Friday, 28 August 2009

Booktrust Guest Blog - Part 1

From post-its to pin-ups – a writer’s journey [1]

Posted on Booktrust blog - Monday August 17th 2009
Our Twitter page has put us in contact with diverse parts of the publishing industry, from publishers to writers to book bloggers to parents and carers who benefit from our bookgifting. One of the more interesting personalities on our Twitter feed has been aspiring author Rebecca Woodhead. Author of two books and unpublished, she has been using the internet to her advantage, to build up a loyal following of visitors to her blog and writings. Then she was nominated for Ms Twitter UK, a Twitter competition pitting her against celebrities like Lily Allen and Fearne Cotton and their extensive fanbases.

Mobilising her band of followers, cutely named the Word Nerd Army, and rallying publishers, agents and literary types alike (including Twitter god Stephen Fry), Rebecca won Ms Twitter UK, with the motto 'the pen is mightier than the pin-up', promising to help promote literature and reading and aspiring authors and libraries, all issues close to the heart of Booktrust.

Now with a land of opportunities awaiting her following her victory, Rebecca has written two blogs for us, this week on how she came to write her novel and use the internet to help promote it and in the next blog on how she won Ms Twitter UK and what it means and how other writers can follow in her example of using the internet to pursue their dream of being published.
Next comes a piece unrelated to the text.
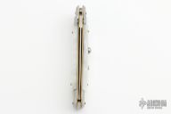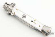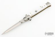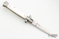 This Swivel Bolster by Frank Beltrame features a polished dagger ground blade with false top edge. The handle has stainless steel bolsters, front and rear, pearlex scales, brass liners, stainless spring. Excellent condition.
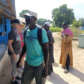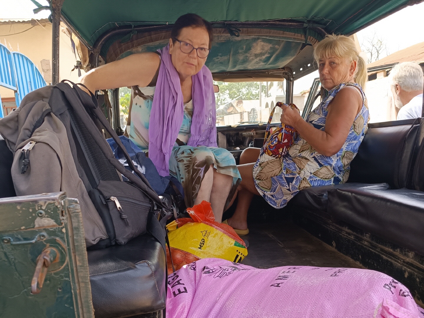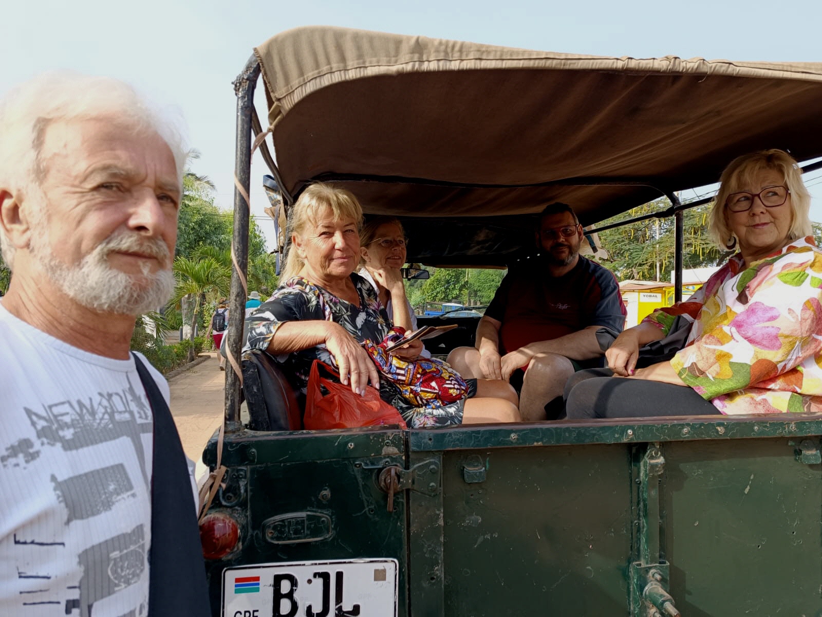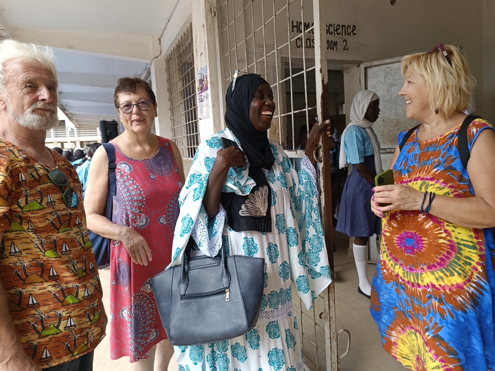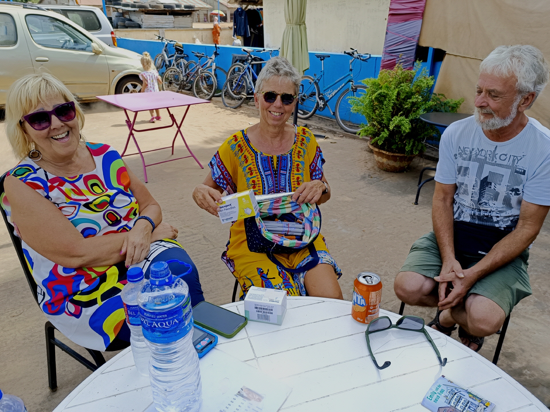 Elvira und Armin mit Mariella wollten ihren Schützling Musa kennenlernen. So haben wir uns am Vormittag nach Gunjur aufgemacht. An der Tankstelle dort haben wir uns zunächst mit Marjan Niemeijr aus Holland getroffen, sie hatte für unser Projekt Insulin gesammelt und hat es uns zur übergeben. Sie gibt hier Jogakurse.

From post-its to pin-ups – a writer’s journey [1]

Life is a giant mess of events and if you have a motto, it helps. Some people spend years analysing books and following gurus to find their life’s motto. I found mine on a block of novelty post-it notes in a gift shop in America in the late nineties- Today’s mighty oak is yesterday’s nut that held its ground.
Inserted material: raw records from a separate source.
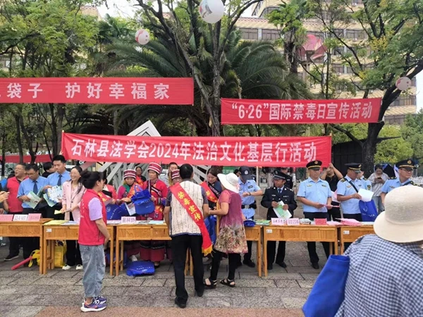 为提高群众防毒、拒毒意识,6月26日,昆明市石林县法学会联合县公安局在鹿阜街道双龙广场组织开展“6·26”国际禁毒日主题宣传教育活动。
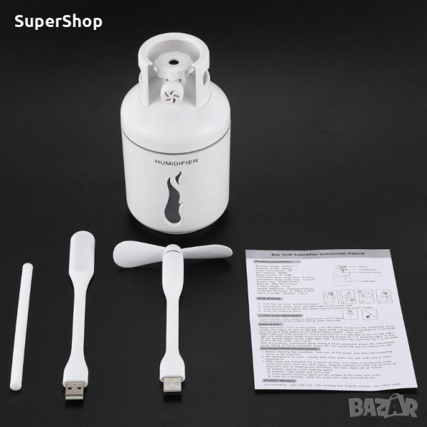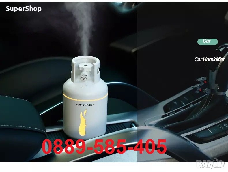 Ултразвуков арома дифузер подходящ и като силен ароматизатор за кола. Той е идеален за поддържане на влажен въздух, което спомага за борба с настинките и гриповете. Също така има функция вентилатор, нощна лампа и външен тампон за повече аромат.
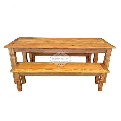 O Conjunto Mesa Rústica com Bancos de Encaixe em Madeira de Demolição da Sudeste Rústico é para você que procura uma peça tradicional e confortável. Altamente resistente e durável, o conjunto é produzido em madeira de demolição e é ideal para reunir a familia em áreas gourmet, áreas de churrasco, cozinhas e salas de jantares. Os bancos são também de madeira, sem encosto e podem acomodar até seis adultos de maneira confortável. Os bancos, por não serem fixos a mesa, podem facilmente se adequar a diversos ambientes. Deixe seu ambiente ainda mais bonito e sofisticado com o conjunto de mesa Rústica com Bancos da Sudeste Rústico.
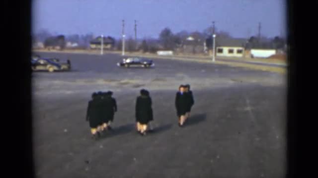1947: beautiful young women dressed in uniforms with ties and hats gathered outside NEW YORK

The path that led me to post-it enlightenment was an exciting one. With a coma and a nasty run-in with ME/CFS behind me, I wangled a place at Southampton University by offering to conduct my interview in iambic pentameter.
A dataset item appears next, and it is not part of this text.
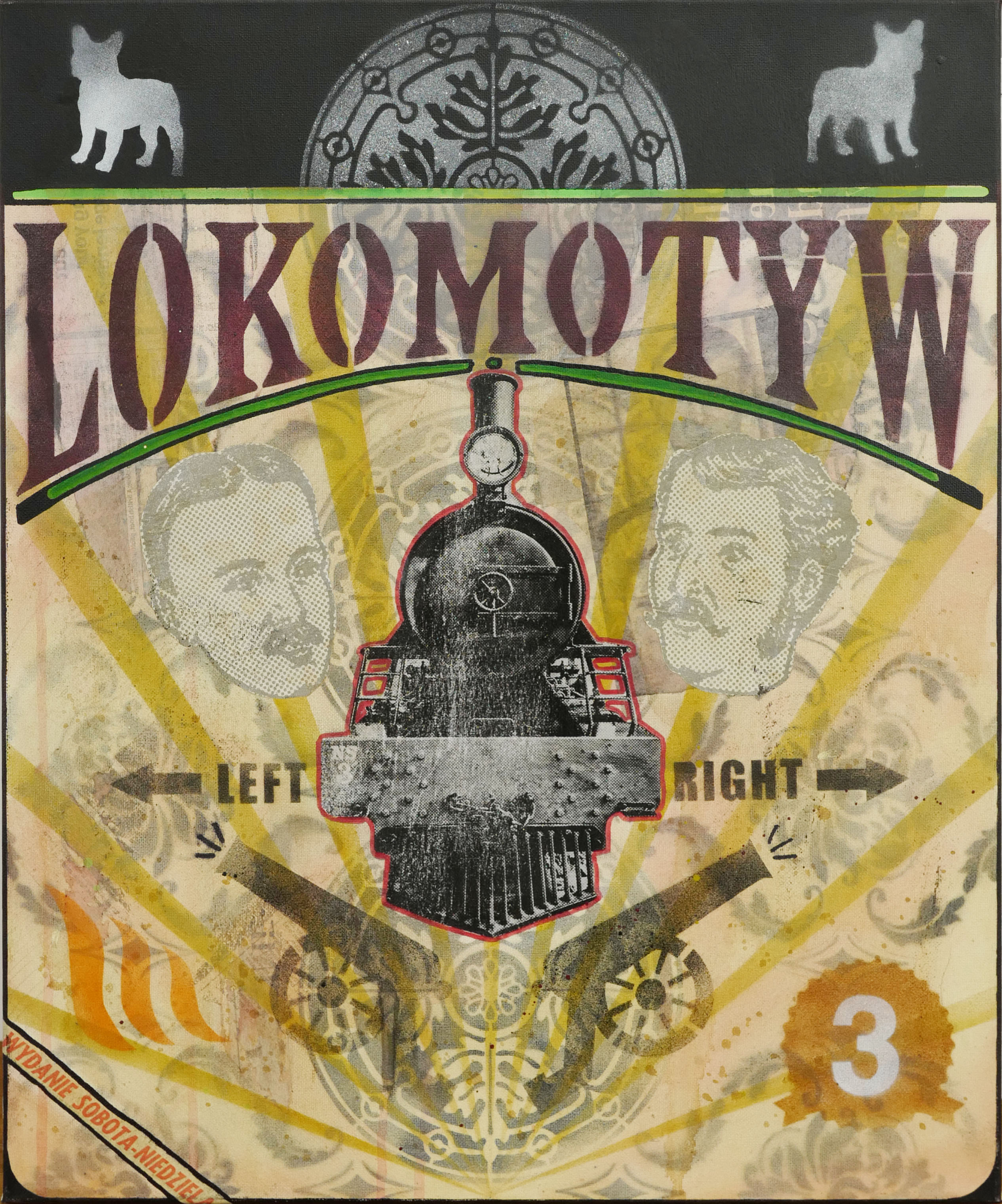 technika mieszana, płótno60 x 50 cmsygn. na odwrocie: MATEUSZ | RYBKA | 2013 \LOKOMOTYW | 60 X 50 / technika mieszana

Three wonderful years later, with a degree under my belt and an American under my skin, I set off for a year in the States. My relationship with The American was tumultuous but my relationship with Boston was beautiful. Something about the place pulled out the writer in me.

When I returned to England, the first thing I did was to write a book. It was a thriller. It was terrible: way too scary and way too complicated. By the middle of it I was terrified and decided to lock it away. Years passed. I fell out with The American and fell into a very dull job trying to convince the Public Sector to save money. It wasn’t me at all. Despite the high point of meeting and marrying my dream man, a bunch of ‘think you’ve hit rock bottom? Try this!’ events brought on ‘ME/CFS – The Sequel.’

After years of relative normality, I was knocked flat. My doctor advised me to stop work. The incapacity benefit people were happy for me to try to write a novel, however, so I wrote. Sometimes I wrote from my bed and sometimes from the cupboard-with-aspirations that became my writing space. No matter how ill I was I could always write. After a year, I had a first draft of Palaces and Calluses but our accommodation was intolerable and was making my health worse. We could afford nothing privately and with four thousand people after each place on the social housing list we had no chance. When we heard a landowner was offering to rent out a house at well below market value and was keen to fill it with struggling locals, we grabbed it.

The reality of living in a place without curtains or carpets scuffed the romance off the experience, but with help from a carpet-laying family member and my passable sewing skills, we finally made the place habitable. We found a computer desk by the side of the road, dusted it off, put a computer on it and a few months later, the next novel in the series: Muddles, Puddles and Pearls appeared.

A couple of months before I finished the first draft, I decided to blog my experience. The blog began a journey that would create a group of book enthusiasts called The Word Nerd Army and lead me to beat Lily Allen in Ms Twitter UK using the phrase ‘the pen is mightier than the pin-up’. A nut I may be, but I am holding my ground.

Rebecca Woodhead

Next we'll learn how Rebecca mobilised the Word Nerd Army to help her win Ms Twitter UK and promote literature.


  1. You're one tough little nut -- one that's growing into a sturdy beautiful oak, and whose roots and limbs can withstand the worst "weather" thrown its way. Yayyy!

  2. I also rediscovered my urge to write during a severe bout of Me/CFS. Well done to you Rebecca for turning so many negatives into a great big resounding positive!